Stephen: I think too, with meditation, it’s a great process of sometimes just talked about as tilling the soil. It helps break up the ground so that if we do get these seeds that can grow into awakening or realization, they’ve got a place to land and be fertilised. And in addition, I think to me there’s something about that when we meditate, we’re orientating towards the source, the mystery, towards the Absolute. And on some level it feels as though we’re offering ourselves in the meditation. So it’s kind of direct contact saying, “I’m here and I’m opening to this experience.” So whatever the Absolute wants to bring in.

Renate: So when we start meditating its sound like we set an intention?

Stephen: Sort of an unspoken intention.

Renate: And then it takes its own movement.

Stephen: Right.

Renate: Would you see it that way?

Stephen: I would say it’s a soft intention, but it’s also a recognition that we’re opening to the Absolute coming into our life in whatever way is the wisest.

Tina: Were also orienting to the present moment. So it’s a practice of being present, and also meditation allows us to see the patterns that keep that from happening. And so, in some ways, a lot of people think if they go into thinking when they’re meditating, “I’m not meditating” or “it doesn’t work.” But that actually, if we understand the purpose, that shows us the patterns that we’re constantly driven by. So even by someone who is already awakened, mediation can be a way of digesting and reclaiming or really integrating the personality material that keeps us from being in the present moment. So even after awakening there’s some benefits to meditation that may be different than before awakening.

Stephen: I think that absolutely, that after awaking, mediation can help us integrate the experience. It can open it more and just make it more accessible. So there’s a way it can really help deepen the awakening and let it land more fully in our consciousness.

Tina: For example, with the Dzogchen practice, which is one of the main practices we do ourselves, there’s what’s called resting in rigpa. So when one realizes rigpa, that’s realising the primordial awareness. That can happen in glimpses or can happen in extended periods. Then as a person tries to live more from this on a more ongoing basis, the practice actually helps us rest in rigpa so that this becomes more consistent all the time. So over 2500 years, millions of people have been experimenting with this trying to stabilise realization. There’s some benefit from what’s been learned over this 2500 years.

Renate: I heard that the Dali lama once say, I don’t know if I heard it or I read it, probably I read it-- that you know, there are some cave yogis that meditate, like, 25 years, and he said “ nothing will happen to them unless they follow pointers”. They need to--like I experienced when I teach the

Mahamudra meditation--you know, the teacher gives a pointer and then you start seeing actually where you are in the moment. And there’s the next point that he said this is important, otherwise consciousness does not move. I don’t know is this your experience? Do you have anything to say to that? I found it fascinating that there’s some cave yogis and they just sit there and he said nothing, nothing comes out of that.

Stephen: That’s a good question.

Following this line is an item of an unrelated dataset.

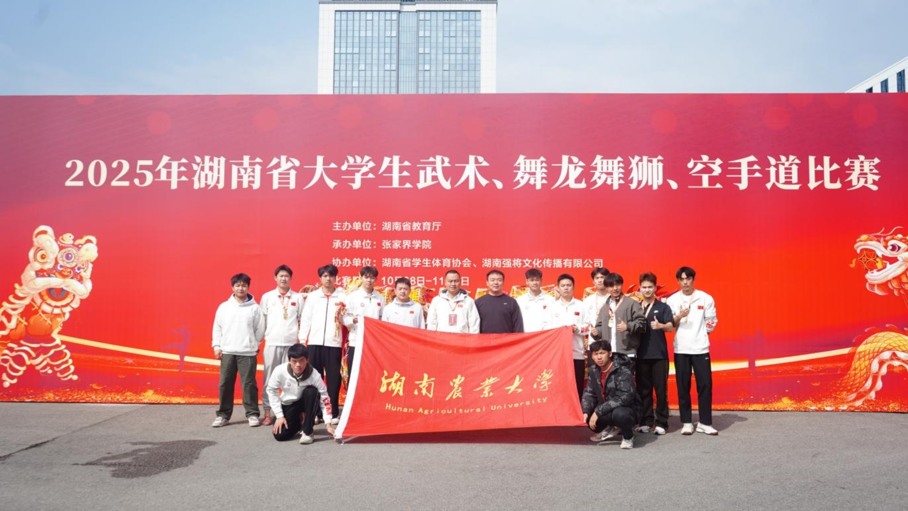 本网讯(体育学院 李德玺 张喆沅)10月30日至31日,由湖南省教育厅主办,张家界学院承办的2025年湖南省大学生武术、舞龙舞狮、空手道比赛在张家界学院举行。其中,舞龙舞狮项目作为赛事开篇率先展开比拼,共有23支代表队参赛。我校舞龙队凭借以《稻草龙庆丰年》为主题的传统舞龙表演,从378名舞龙舞狮选手中脱颖而出,荣获传统舞龙项目冠军。这是该校舞龙队继2024年夺得湖南省大中学生舞龙舞狮比赛冠军后,再次在这项省级权威赛事中折桂。

I’ll answer it on a personal level. I felt that when I was in the Zen tradition, I was like a hot air balloon pilot, I could get up in the air but I never knew with the open awareness where I was going to go or where I was going to land. Where with a mediation like this, the jhana meditation, I feel more like I’m a pilot in a modern aircraft. I’ve got all the switches and dials and I know how to adjust them and turn them on. So it gives a lot of structure in a way that we can really keep going, as you say, in a certain direction and again we’re still offering and opening ourselves to the mystery to the absolute but it gives us more of a kind of technique, and we can stand alone and then it’s less serendipitous.

Tina: Right, and having a teacher is really crucial. A lot of the people have come to us, some of them have practiced and the teacher wasn’t as accessible, and maybe they met with them only once on a long retreat. And what we find when we do retreats, is we meet every other day with people. And that makes it where there not wasting a lot of time doing things that are unproductive, and without some guidance that’s easy to happen. So it’s a huge shame that somebody would waste many years doing that, but this is part of the benefit of working with a teacher.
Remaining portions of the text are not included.